We analyzed the guests for 136 shows (there were fewer shows, thanks to the writers strike) in 2007 and 144 shows in 2008 (Oct 30th 2008). The show no doubt has a very current affairs and politics bent and is fairly liberal in its bias but we were more looking for 3 things:

1. What topics/themes or categories were important for The Daily Show viewers?

2. What was the “effect” on book sales from a slot at The Daily show?

3. What the net (online) PR effect of the exposure that The Daily Show brings you?

So what are the top 3 tips to be a guest on The Daily Show?

1. A overwhelming number of guests were from Politics (2008 – 47% and 2007 – 38%) or related fields (Thanks in big part to the elections). Celebrities and media personalities were second. Science and technology were relative blips. Except Bill Gates in 2007, no other technology personalities were in the lineup.

Tip #1: If you want to get on The Daily Show your best bets are writing about the effects of anything on Politics (both current and historical). So if you can talk about the effect of technology on fund raising for the elections, or the effect of Youtube on campaign ads, you’re probably a shoe-in.

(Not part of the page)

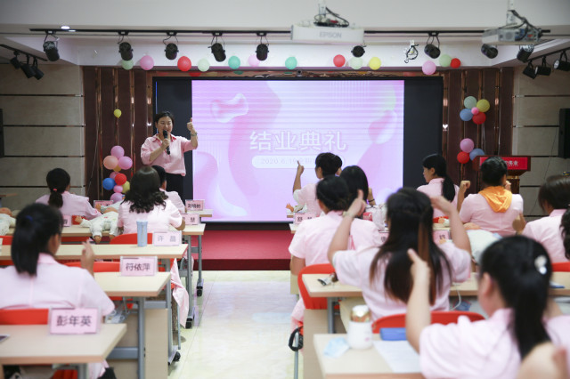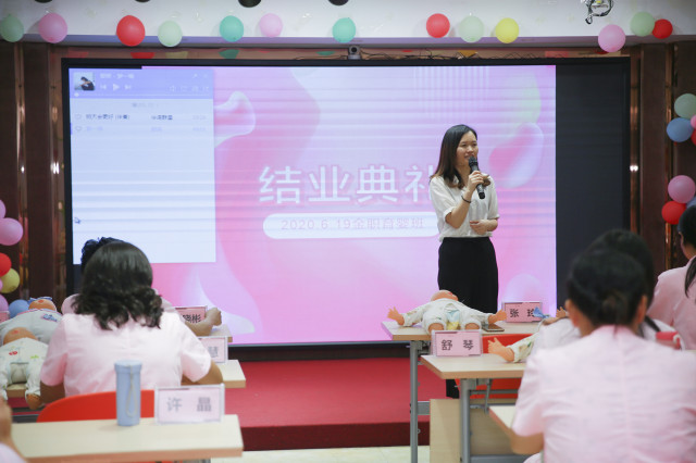 此次结业典礼由金职伟业职业培训学校教务就业主管闫文杰老师主持,高级母婴护理兼高级育婴师讲师徐玲、陈蕾琼参加结业典礼并讲话。

2. Delayed Gratification: Only 17 times (out of 144 in 2008) did the authors make the top searches on Google Trends. That too a day after the show. We estimate this was due the fact that most of the guests were already “well known” but that would not explain the lack of searches for “the promotion” to appear on Google Trends. Meaning, what they were promoting – either a book, a movie, etc. should have appeared on the top searches, but that was not the case in a majority of the cases. The delay on Google trends also indicates the “Tivo effect” or the fact that over 35% of the people watching the daily show either tape it and watch later than its live broadcast or view it on the Internet.

Tip #2: We dont have Amazon book trends or Movie trends, to know the full effect but we can confidently say that appearance on The Daily Show should be part of your PR / book promotion strategy not the cornerstone.

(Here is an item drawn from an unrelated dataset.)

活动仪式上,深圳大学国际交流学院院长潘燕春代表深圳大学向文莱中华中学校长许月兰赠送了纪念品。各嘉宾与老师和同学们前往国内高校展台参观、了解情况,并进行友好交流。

3. The Net PR effect: Since 2007, The Daily Show has been posting entire episodes of the show online on their website, which has limited the ability to view the sharing trends on YouTube. But if you analyze the Digg, Discussions threads, Twitter and Social Bookmarking effect of the show, it ranks among the top on social media. The only shows that rank better are Two and a Half Men and Dancing with the Stars. For more on the details we cross-checked with our friends at Social Sights.

Tip #3: To measure the net effect of your PR with The Daily Show you have to take into account the “virality” of its spread, not just the viewers on TV or the 30-40K viewers per episode online.

What other metrics would you analyze to see the effect of The Daily Show?